George Monbiot has written about the lockdown and the longer history of controls over public spaces in The Guardian, with a quote from me.
https://www.theguardian.com/commentisfree/2020/apr/22/lockdown-coronavirus-crisis-right-to-roam
I was grateful to have a long conversation with him, much of which just couldn’t be fitted into his short piece. We discussed in particular the long history of private streets, particularly those developed in the mid Victorian period by speculators and investors, with lodges and gatehouses to keep people out.
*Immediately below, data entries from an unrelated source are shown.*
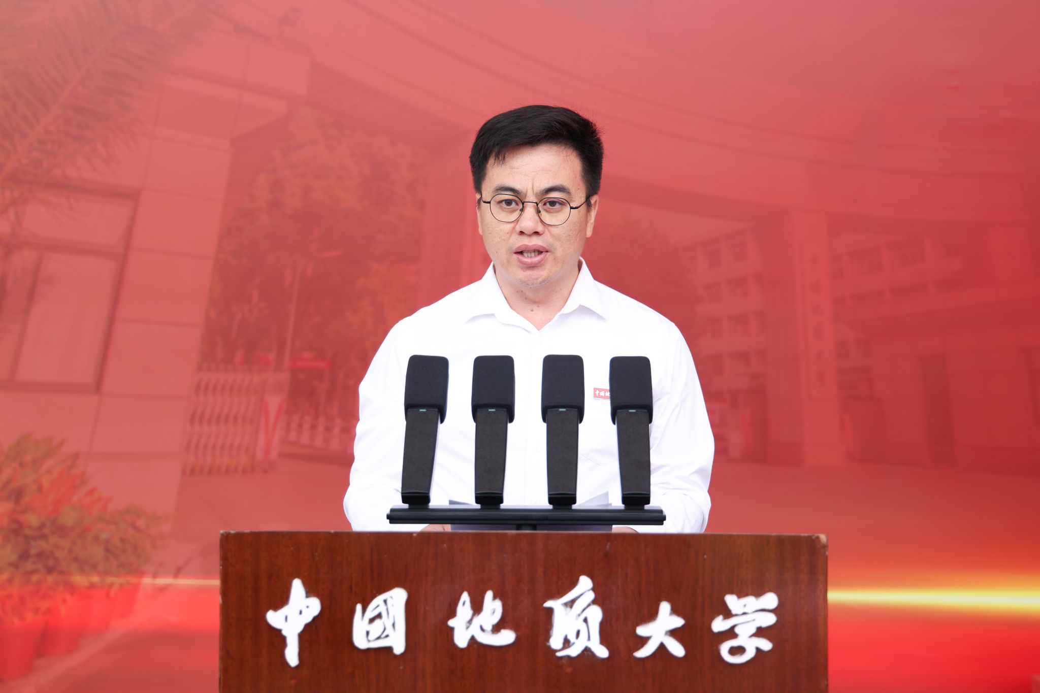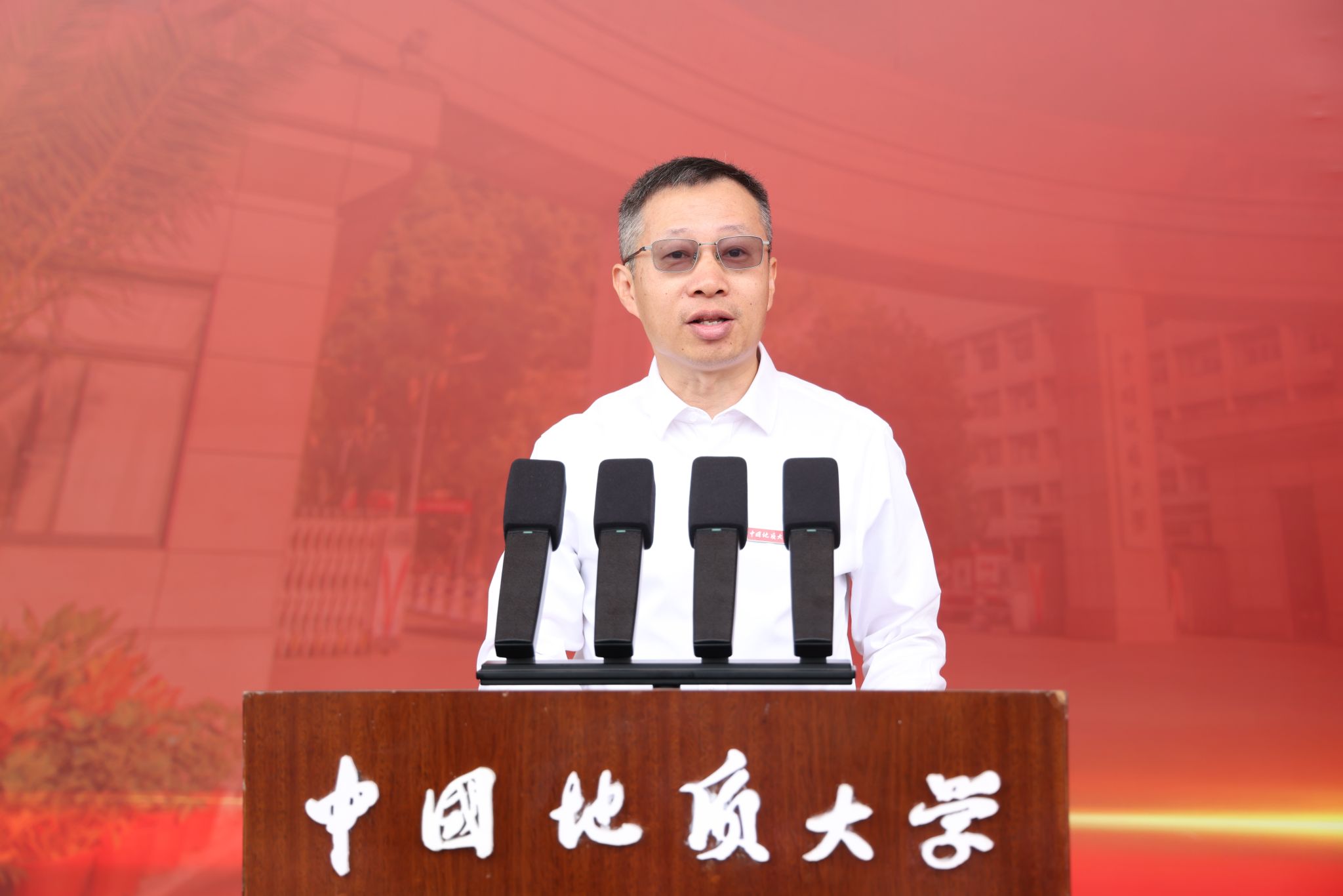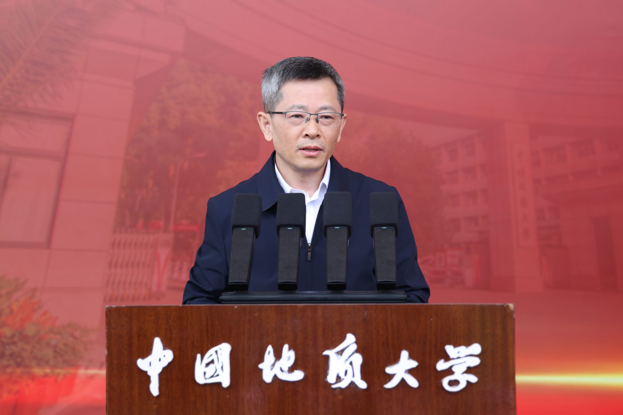 校长李建威作了题为《矢志报国向未来》的讲话。他说,建校73年来,学校为党育人为国育才的初心不改,地质报国科技强国的使命担当不改,矢志成为地球科学领域世界一流大学的追求不改。学校的奋斗历程和取得的辉煌办学成就,是矢志报国的生动体现,是熔铸于校训精神、南迁办学精神、攀登精神、摇篮精神的价值追求,是几代地大人赤诚报国的精神底色。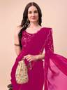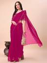 • Subtle Border: The saree may feature a very thin, understated border that frames the edges. This border could be a simple satin piping, a fine zari line, or a delicate sequin work that complements the blouse's embroidery.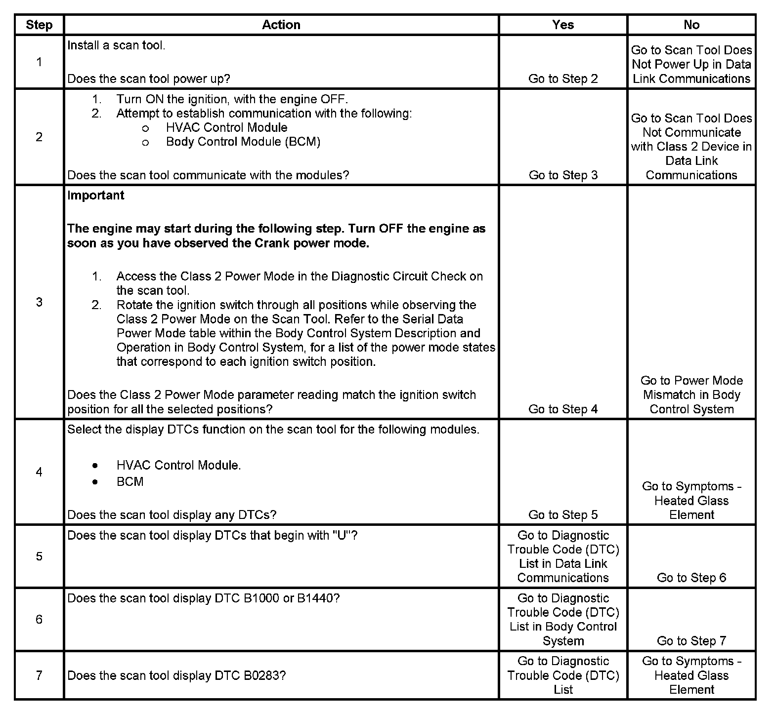 2. Lack of communication may be due to a partial malfunction of the class 2 serial data circuit. The specified procedure will determine the particular condition.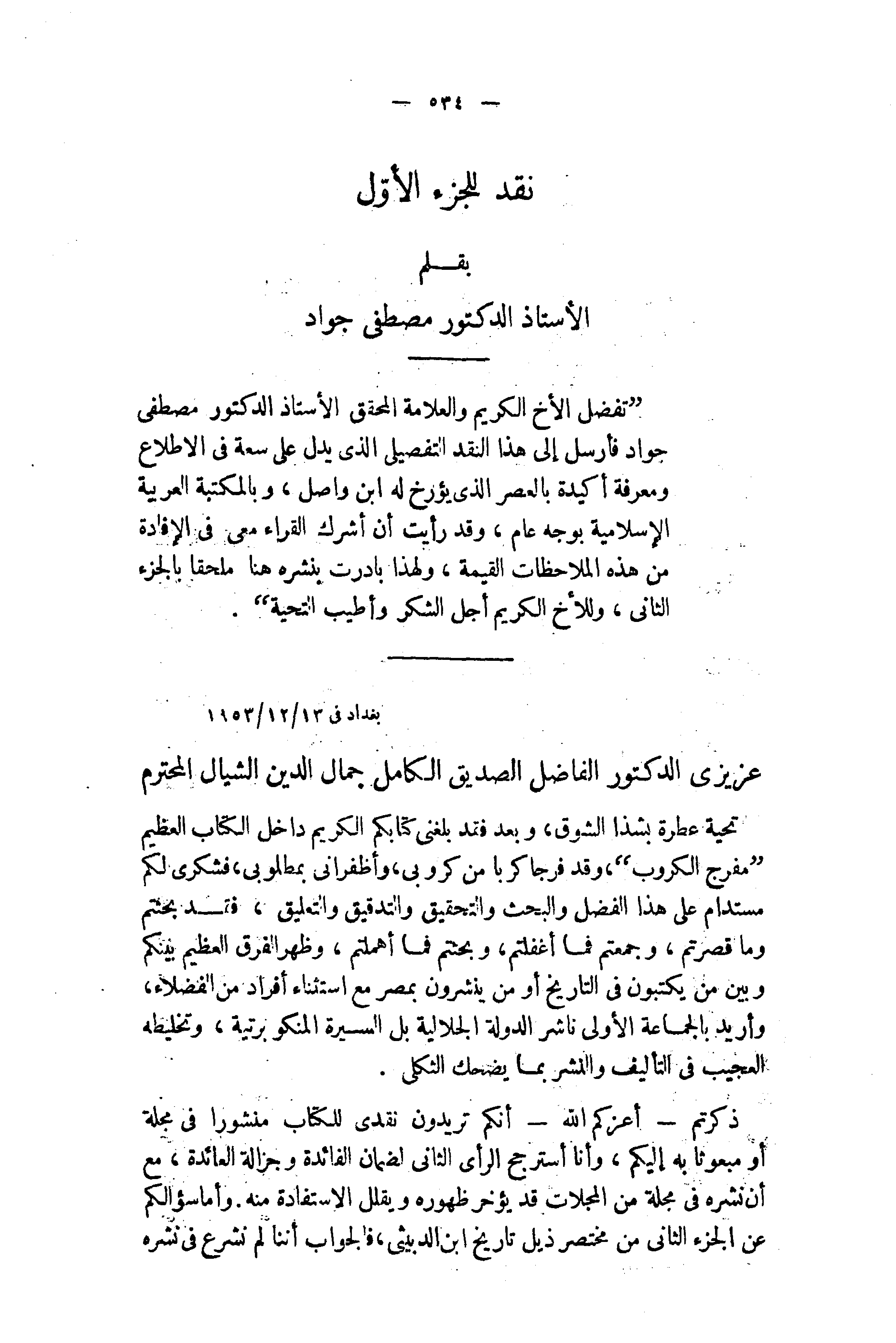 ذكرتم - أعزكم الله - أنكم تريدون نقدى للكتاب منشورا في مجلة أو مبعوثا به إليكم، وأنا أسترجح الرأى الثانى لضمان الفائدة وجزالة العائدة، مع أن نشره في مجلة من المجلات قد يؤخر ظهوره ويقلل الاستفادة منه. وأما سؤالكم عن الجزء الثانى من مختصر ذيل تاريخ ابن الدبيثى، فالجواب أننا لم نشرع في نشره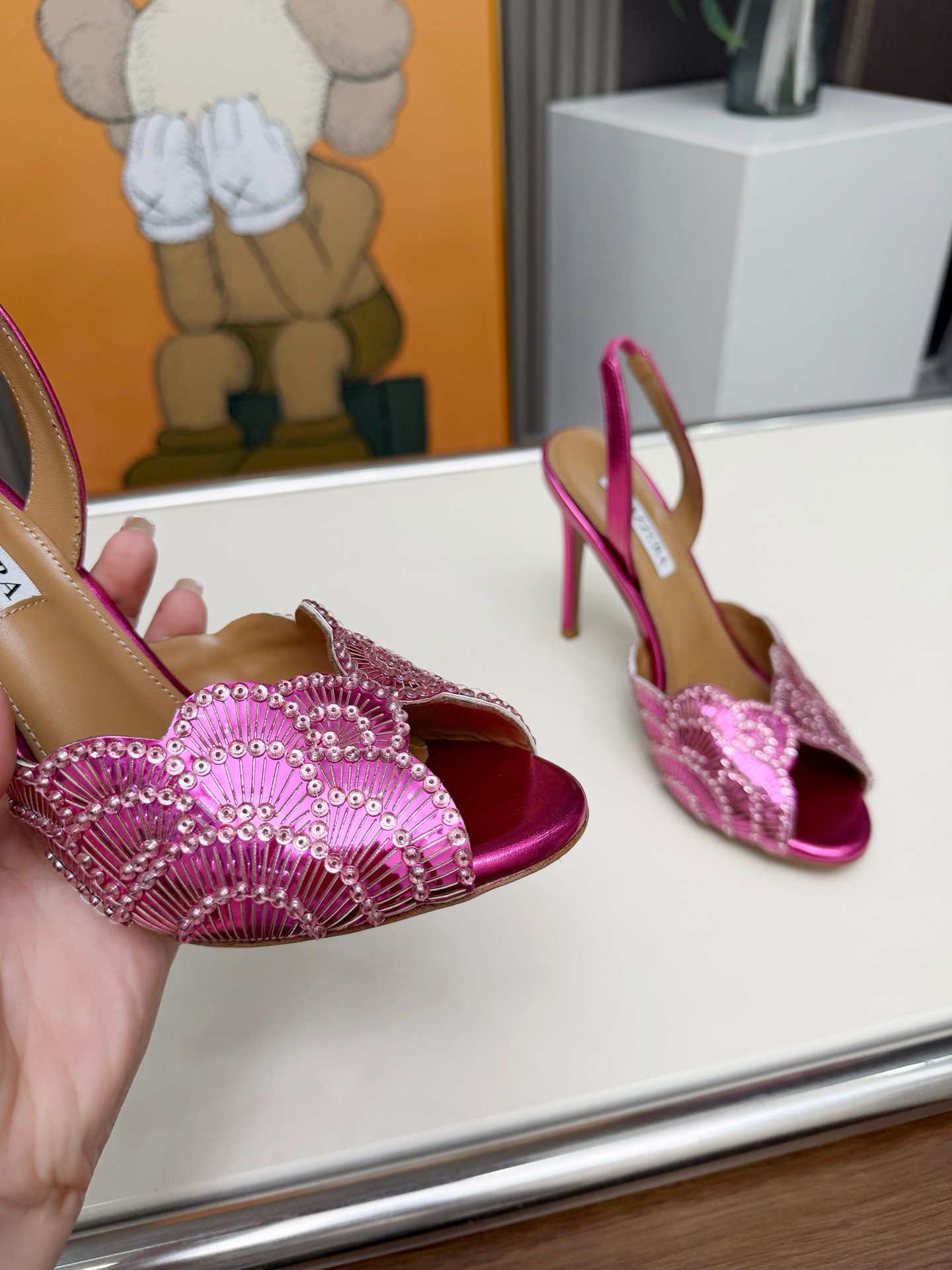 This shoes is AAAAA 1:1 quality (superb). Materials used are identical to the original ones. Aquazzura trademark marks are indistinguishable to the authentic. Photos take by actual shoes, what you receive will be 100% same with our photos.

There is a brief article on this topic by Sarah Blandy, ‘Gated communities in England: historical perspectives and current developments’, GeoJournal, Vol. 66, No. 1/2, Gated Communities: An Emerging Global Urban
Landscape (2006), pp. 15-26.
We also discussed the debates over public meeting places on street corners (Monbiot briefly mentions the Salvation Army in this respect – although it was more the case that the ‘Skeleton Army’ of publicans instigated the violence against them rather than the other way around), including the Socialist Democratic Federation’s battles over Dod Street Corner in Limehouse, East End of London, in the 1880s. See also Constance Bantman, ‘Anarchists, authorities and the battle for public space, 1880-1914’, in Sarah Pickard, ed., Anti-Social Behaviour in Britain: Victorian and Contemporary Perspectives (Palgrave, 2016) for similar issues regarding the anarchists.
We also discussed more recent and contemporary lockdowns on public space, notably the Cutteslowe Walls and other divisions between council and private housing, and playgrounds in new developments that children in social housing were prohibited from using.